Because this parent inquired advice through a personal email account, I will not share her email in entirety, but rather give a synopsis. Also, I want to commend this wonderful parent for seeking advice on how to help her gymnast in the most constructive way!!!The concerned parent was worried that her daughter’s timid personality seemed to clash with the demands of gymnastics. The parent observed that her daughter seemed to be more afraid of skills than the other children on her team. She also commented that her daughter was struggling with school, church, or anything that required the child to communicate with other people. The mother shared that her daughter loved doing gymnastics overall, but that tears were sometimes part of the experience. The parent acknowledged that she didn’t believe quitting was the answer, but wanted to make sure that gymnastics was not requiring too much of her lil’ one.
(1) Patience will pay-off.
Sometimes the best remedy for young timid gymnasts is time! I have seen many talented young gymnasts struggle with fear. Their bodies are capable of abnormal advancement, but their maturing brains are not ready for lighting speed skill acquisition! Many of them only started gym a short time ago so their confidence is anything but established. It is helpful when coaches and parents are aware and understanding of the child’s fear. In this situation, the five-year-old gymnast is performing routines that include handstand-turn dismounts off a balance beam higher than her head . . . that is understandably scary! It may take time, but patience pays-off. It can be helpful to think of gymnastics as a marathon, and not a sprint.
(2) Gymnastics helps with timid personalities.
It is always hard to see our children struggling, but it is extremely rewarding to see them achieve something they may not have thought possible. Gymnastics provides little opportunities for growth everyday – in a fun environment. Six years ago, I started coaching a sweet, painfully shy gymnast. Talking made her nervous . . . she had trouble asking to go to the bathroom. Performing at meets seemed unbearable. But she loved gymnastics more than she feared it. She took baby steps. Today she is a level 8, who performs the most beautifully confident floor routine. Gymnastics gave her a reason to get outside her comfort zone. It gave her a reason to accept challenges. It gave her little everyday successes that allowed her to feel capable – of anything.

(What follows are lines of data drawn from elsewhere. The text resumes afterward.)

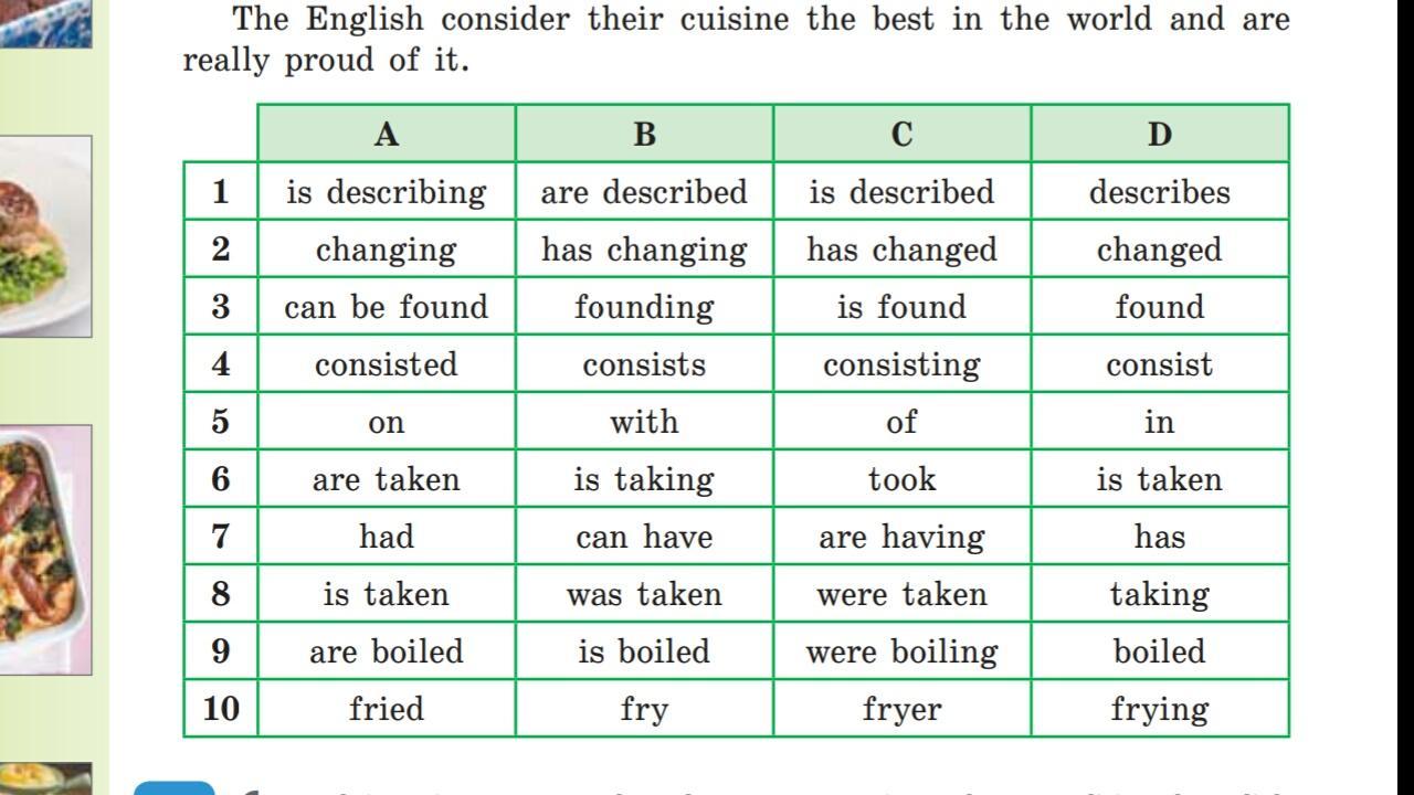 Traditional English cuisine … usually …(1) as conservative and un- varied. But national cuisine in Britain …(2) greatly by other national cuisines in recent decades. We can find types of food from all the corners of the world because of the people who come to Britain from all over the world and bring with them their recipes, culinary secrets and food. Italian, French, Chinese, Mexican, Greek, Indonesian and other national restaurants …(3) in Britain. As for traditional British cuisine the English usually have four meals a day: breakfast, lunch, tea, dinner and sometimes supper. In the morning they can have the full “English breakfast” or the “continental breakfast”. The full “English breakfast” …(4) of corn- flakes with milk and sugar, cheese or sausages, omelettes often with bacon, sausages or cheese, porridge (cereal), toast with marmalade, tea, coffee or orange juice. This classic English breakfast is rather substantial and as you see it includes not only porridge though cereals are very important in the national menu and are often cooked for breakfast. The “continental breakfast” consists …(5) a cup of tea or coffee with toast. It is not a substantial breakfast.Between 12 and 14 o’clock the English have lunch. Many people who work find it difficult to come home for lunch. So, they go to cafés, coffee bars, sandwich bars, restaurants, fast-food restaurants to have lunch. As a rule, lunch consists of sandwiches as it is a fast meal for many Englishmen. The English can choose all sorts of sand- wiches, such as sandwiches with meat, chicken, ham, bacon, cheese, fish, prawns, eggs, vegetables and lettuce. By the way, sandwiches with different fillings are a traditional British snack. They also can have steak, roast beef, pudding, fish and chips, potatoes and salad or fruit. Afternoon tea …(6) at about 5 o’clock. It is a traditional light meal after work. People enjoy their tea with biscuits, cakes, freshly baked sweet buns, scones and other pastries. The British drink tea with and without sugar, with lemon, ginger, cinnamon, honey or milk. It is im- possible to imagine the British cuisine without tea. The English have it 6 or 8 times a day, sometimes even more. It is their national drink. Dinner is the most substantial meal of the whole day and is taken at 7 o’clock. For dinner the British often have soup though it is not very popular in Britain. As the main course they have poultry, fish or meat with vegetables or mashed potatoes, roast chicken, turkey or lamb. They also can have the most well-known roast beef with grilled vegetables, roast potatoes or Yorkshire pudding. For dessert they …(7) pudding with ice cream or jam, a fruit pie, or cheese with biscuits. Supper in Britain is the last meal of the day and …(8) at 11 o’clock in the evening. It consists of just a cup of tea or coffee, a bowl of cream soup, cheese or fruit. But very often it is skipped. Of course, some dishes of the British cuisine are special. They are the famous shepherd’s pie, Cornish pasty, Scotch eggs, fish and chips. The famous shepherd’s pie is a potato casserole with minced beef. The Cornish pasty is a layered pie with meat, onion, potatoes, carrots and spices. The Scotch eggs, called picnic eggs, are common …(9) eggsthat are wrapped in minced sausages and breading and then fried or baked. The dish “fish and chips” consists of …(10) chops from fish and French fries. On Christmas Day a roast turkey is traditionally cooked for din- ner. It is served with vegetables like roast potatoes, carrots, cabbage, Brussels sprouts, peas, roast onions and other trimmings. And it is usually followed by Christmas pudding. As Great Britain is an island surrounded by some of the richest fishing areas of the world, fish is very important for the Englishmen, too. The English consider their cuisine the best in the world and are really proud of it.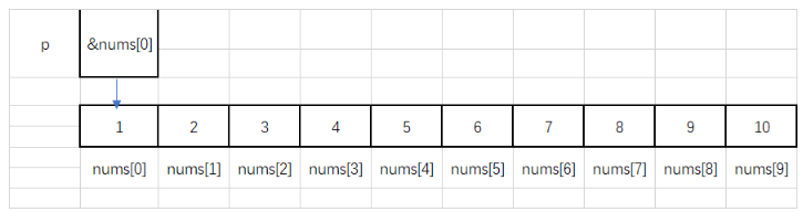 上面语句定义了一个数组 nums,在定义时分配了 10 个连续的int 内存空间。而一个数组的首地址即为数组名nums,或者第一个元素的首地址也是数组的首地址。那么有两种方式让指针变量 p 指向数组 nums: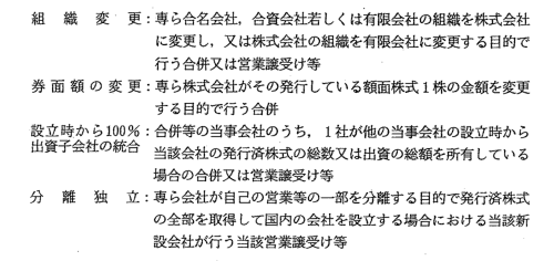 取引方法による場合の会社等の株式保有・役員兼任・合併・営業譲受け等の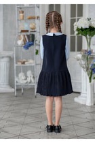 Модель сарафана из однотонной костюмной ткани силуэта трапеции. Нижняя часть сарафана из ткани плиссе. Вырез округлой формы с застёжкой на молнию по среднему шву спинки. Перед сарафана с рельефными швами из горловины. Верхняя часть переда с декоративными пуговицами. Горловина и проймы обработаны внутренними обтачками со стороны изнанки.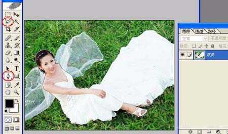 4、隐藏图层1,回到背景图层,用钢笔工具或套索工具勾出透明的婚纱,我们着重要处理的也是这透明部分了。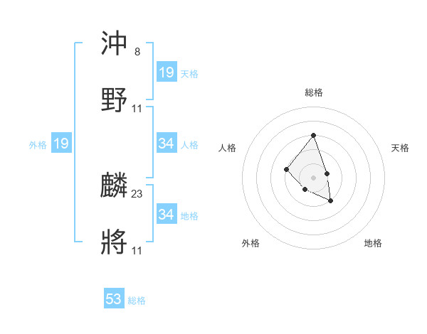 沖野 麟將さんの総格は53画の3点!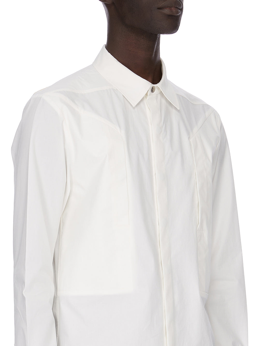 RICK OWENS SS26 TEMPLE FOGPOCKET OUTERSHIRT IN MILK COTTON POPLIN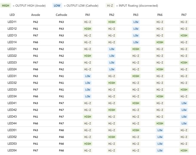 pinMode(CHARLIE_PINS[i], INPUT); // INPUT = Hi-Z = electrically disconnected

(3) Know when it’s “too much”.
Tears can be confusing . . . they can be a sign of fear, separation anxiety, or fatigue. Unfortunately, most children can’t verbally communicate why they are struggling. This can make it hard to evaluate if your child is still in love with gymnastics or if it is not the right activity.
If you notice that tears or tummy aches always happen on the same event or right before a certain skill . . . fear is probably the perpetrator. A private lesson can be helpful. This allows coaches to instruct at a pace comfortable for the gymnast. Private lessons also provide a safe environment for communication and relationship-building between the coach and gymnast. If there are too many skills to address in a private lesson, the gymnast may have a more positive experience in a lower level. An inappropriate fear, is when the child is afraid of her coach. Address this concern with the coach & program director. Do not be afraid to speak up or make a change if this fear is long-lived.

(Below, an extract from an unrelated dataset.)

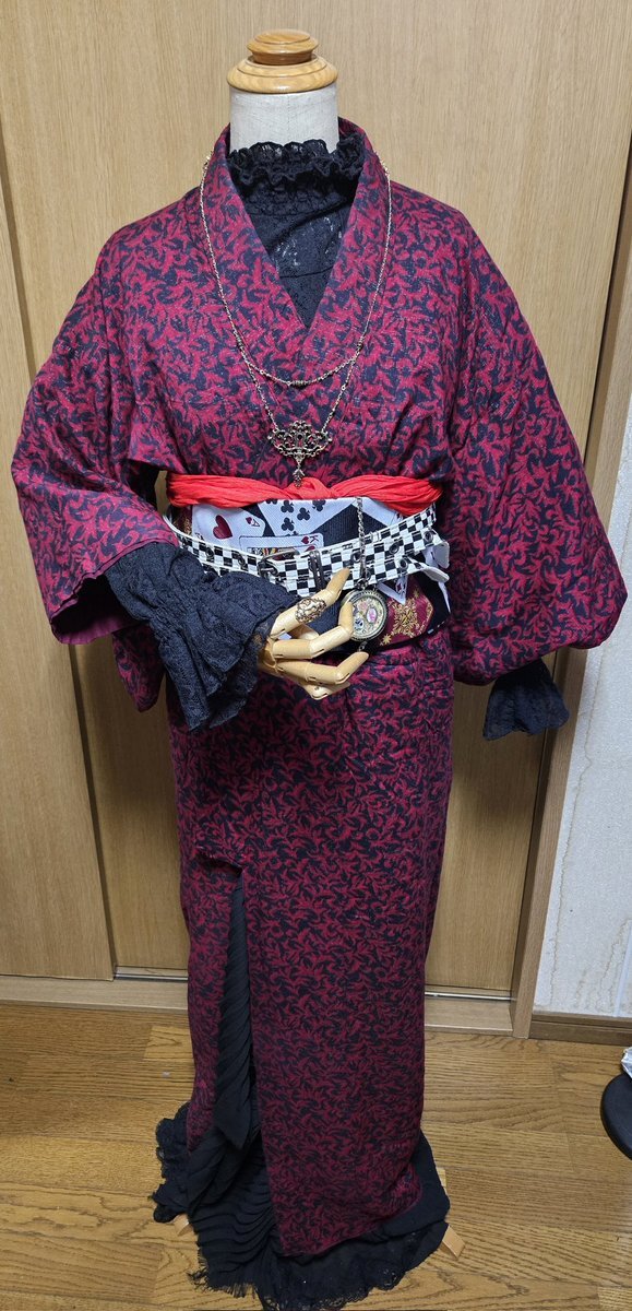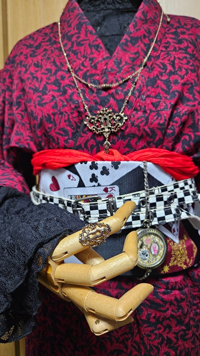 本日の #神木コーデ はハートの国! とあるコラボカフェに行ってきた😚💕 フリル付き着物、伊達襟ナシレース袖。トランプ柄の帯! 小物アクセはクラシカルロリィタのくる実さんの #しまむらコラボ の鍵と鍵穴のペンダント&指輪✨懐中時計はアリスワンダーランド柄 足下はMAYLAさんの靴🥰 #着物コーデ pic.x.com/mrHahOR8Kp

If your child struggles with separation anxiety, tears at the beginning of class may be normal. Note her mood at the end of class. If she leaves happy and excited, gymnastics is still a positive experience. Things that can help with transition from your arms to class include arriving early, keeping a routine, watching class or clearly explain when you will return (when she is on bars or before it is time to get stamps). Talk to your child’s instructor and work together.

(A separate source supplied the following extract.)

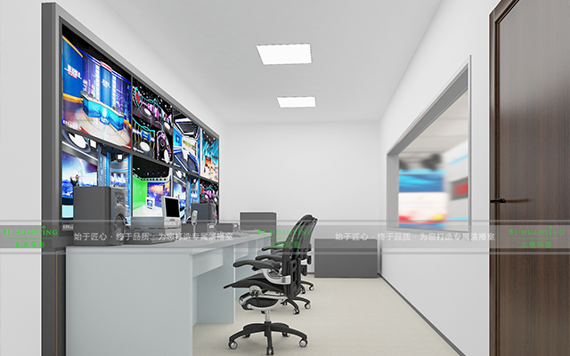 声学系统:演播室装修四周墙面采用吸声材料结构布局,地面布置吸音地毯或地胶板。控制室采用隔断砖混或轻钢结构,为防设备静电,控制室地面采用瓷面防静电地板铺设,美观安全,演播室采用木质防火隔音门。

If your gymnast is excited to go to gymnastics, but comes home cranky, exhausted, or has tears towards the end of class . . . the length of gym may be an issue. First, make sure your gymnast is getting adequate sleep – what’s her bed time? Check out Age-Appropriate Bedtimes by Sleep Sisters. Second, make sure your child has a healthy snack BEFORE class to sustain her energy. If class is longer than two hours, many coaches allow a quick snack break in the middle of class. For healthy snack ideas check out our 10.0 list |HERE|. Third, talk to the child’s coach and see if you can slowly adapt your gymnast into the longer practice time. Cut back workout time, then encourage your gymnast to stay ten minutes longer every week, until they are happily managing all of class. Your coach may also recommend a less strenuous group that comes fewer hours.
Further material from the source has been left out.